Review: Banderas as Almodovar is a triumph of subtlety, wit
“Don’t get that storyteller look,” film director Salvador Mallo’s elderly mother admonishes him at one point in “Pain and Glory.” It’s hard not to chuckle, because the character is a thinly veiled stand-in for Pedro Almodovar himself _ the film’s director, of course, but also one of the great storytellers in cinema today.
Mallo’s mother is telling her son that she doesn’t want to be fodder for his films. But as Almodóvar’s many fans well know, that’s impossible; the Spanish legend has used his late mother, his childhood, his craft, his sexuality and almost everything else about his life to make his brilliantly eclectic films over the decades.
And here, he’s doing it more than ever. Though significant parts are fictionalized, “Pain and Glory” is a deeply personal quasi-autobiography starring, happily for us, Antonio Banderas, Almodovar’s longtime collaborator. Though Banderas apparently wears some of the director’s real clothing, this is not an exercise in mimicry; it’s an exquisitely lived-in performance by an actor who so grasps the essence of the man he’s portraying that he can be as subtle as he wants, like the quietest notes on a finely tuned instrument.

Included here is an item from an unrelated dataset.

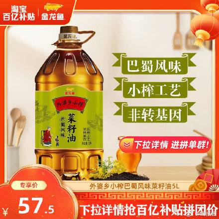 57.5 金龙鱼 ,外婆乡菜籽食用油5L

The film is basically a dialogue between Mallo’s present and his past, at a difficult crossroads. He’s achieved fame and wealth but no longer fits the provocateur label he once had. He lives alone (in an eye-popping, art-filled apartment modeled on Almodovar’s own). He suffers from tinnitus, migraines, back pain from a recent operation, and a disturbing choking reflex when eating. And he suffers mentally, too, from anxiety and depression, not to mention grief over the recent death of his mother.